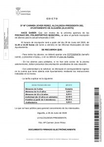 ? Inscripciones: A partir del lunes 29 de junio, en horario de 11:00 a 14:00 h. (Ayuntamiento).
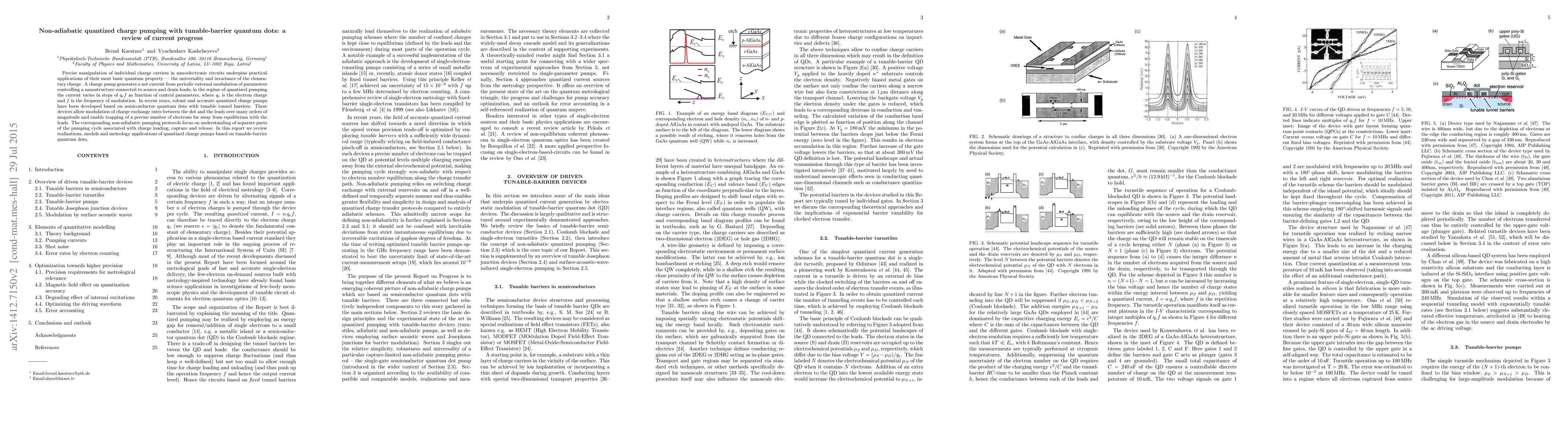 This paper reviews advancements in non-adiabatic quantized charge pumping using tunable-barrier quantum dots, focusing on the precise control of charge carriers in nanoelectronics and the development of robust charge pumps that modulate charge exchange rates and trap electrons accurately. It discusses the underlying models and potential metrology applications of these devices.
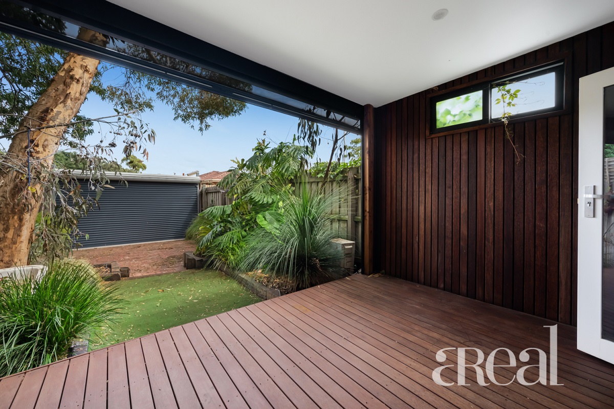 Also comprising of an open plan kitchen/living area with beautifully high barn-like ceilings, ample cupboard & storage space, stainless steel appliances and split system, Bi-fold doors opening up to an undercover pergola also including blinds for those colder Melbourne months with a step down into a low maintenance courtyard and lock-up car space with garage remote accessed roller door.

Instructions for the task: The answer must be the data above, repeated exactly, with no pictures.

Output of the task:
 ? Inscripciones: A partir del lunes 29 de junio, en horario de 11:00 a 14:00 h. (Ayuntamiento).
 This paper reviews advancements in non-adiabatic quantized charge pumping using tunable-barrier quantum dots, focusing on the precise control of charge carriers in nanoelectronics and the development of robust charge pumps that modulate charge exchange rates and trap electrons accurately. It discusses the underlying models and potential metrology applications of these devices.
 Also comprising of an open plan kitchen/living area with beautifully high barn-like ceilings, ample cupboard & storage space, stainless steel appliances and split system, Bi-fold doors opening up to an undercover pergola also including blinds for those colder Melbourne months with a step down into a low maintenance courtyard and lock-up car space with garage remote accessed roller door.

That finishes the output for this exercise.